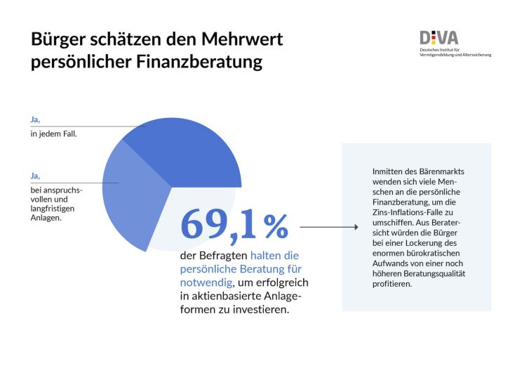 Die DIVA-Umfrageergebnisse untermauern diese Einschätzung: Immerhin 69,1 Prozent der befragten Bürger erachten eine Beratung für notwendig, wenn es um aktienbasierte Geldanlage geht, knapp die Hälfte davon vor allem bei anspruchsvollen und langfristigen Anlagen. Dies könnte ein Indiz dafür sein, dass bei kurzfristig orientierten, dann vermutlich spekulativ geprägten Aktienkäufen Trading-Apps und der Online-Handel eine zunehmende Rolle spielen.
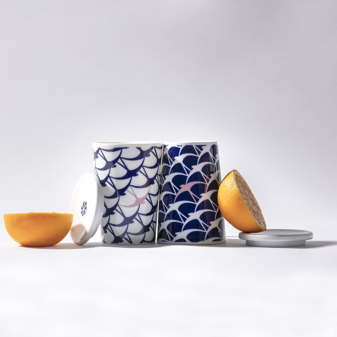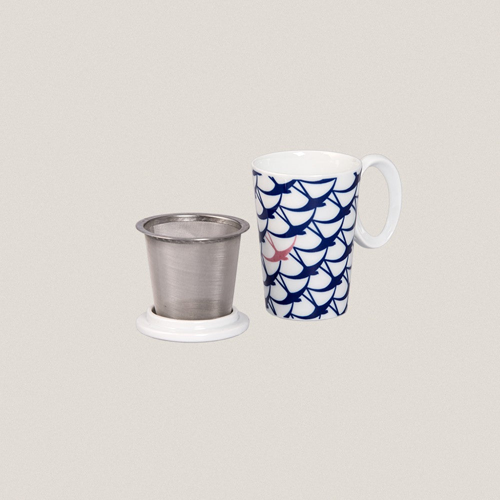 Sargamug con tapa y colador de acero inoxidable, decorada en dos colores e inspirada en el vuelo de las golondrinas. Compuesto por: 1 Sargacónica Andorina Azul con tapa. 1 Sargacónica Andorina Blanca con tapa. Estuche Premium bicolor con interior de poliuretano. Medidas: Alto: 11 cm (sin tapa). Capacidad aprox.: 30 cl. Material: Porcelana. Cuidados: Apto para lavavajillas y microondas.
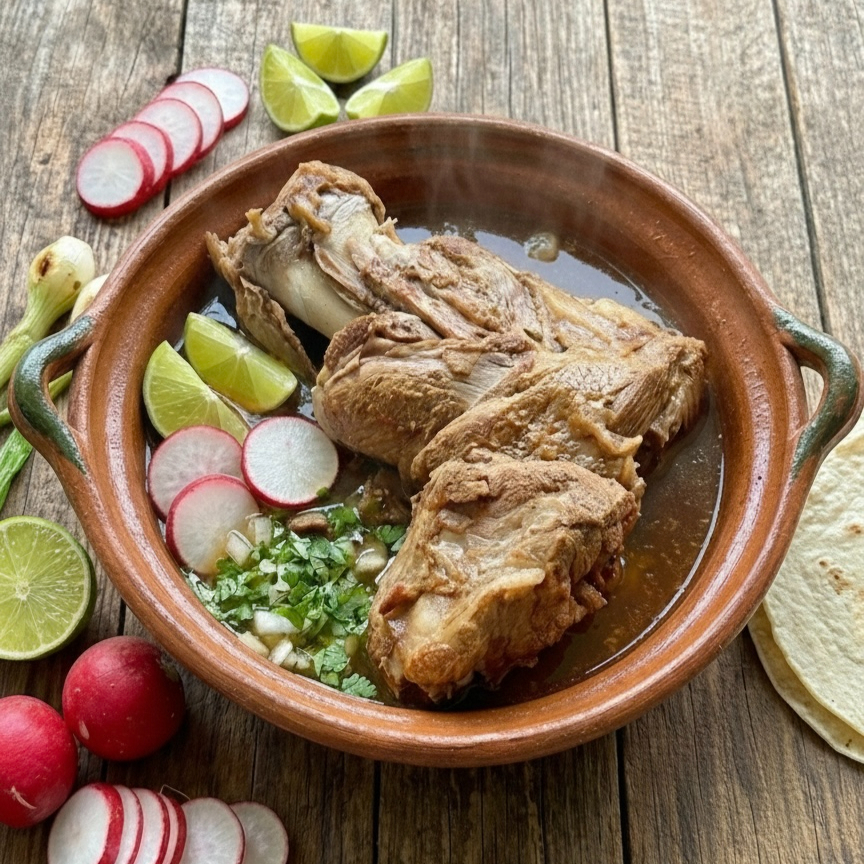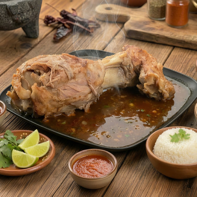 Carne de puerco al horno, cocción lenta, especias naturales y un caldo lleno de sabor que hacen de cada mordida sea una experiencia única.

#### YOUR TASK:
Reproduce the full listing verbatim so that only the pictures are missing.

#### SOLUTION TO THIS PROBLEM:
 Die DIVA-Umfrageergebnisse untermauern diese Einschätzung: Immerhin 69,1 Prozent der befragten Bürger erachten eine Beratung für notwendig, wenn es um aktienbasierte Geldanlage geht, knapp die Hälfte davon vor allem bei anspruchsvollen und langfristigen Anlagen. Dies könnte ein Indiz dafür sein, dass bei kurzfristig orientierten, dann vermutlich spekulativ geprägten Aktienkäufen Trading-Apps und der Online-Handel eine zunehmende Rolle spielen.
 Sargamug con tapa y colador de acero inoxidable, decorada en dos colores e inspirada en el vuelo de las golondrinas. Compuesto por: 1 Sargacónica Andorina Azul con tapa. 1 Sargacónica Andorina Blanca con tapa. Estuche Premium bicolor con interior de poliuretano. Medidas: Alto: 11 cm (sin tapa). Capacidad aprox.: 30 cl. Material: Porcelana. Cuidados: Apto para lavavajillas y microondas.
 Carne de puerco al horno, cocción lenta, especias naturales y un caldo lleno de sabor que hacen de cada mordida sea una experiencia única.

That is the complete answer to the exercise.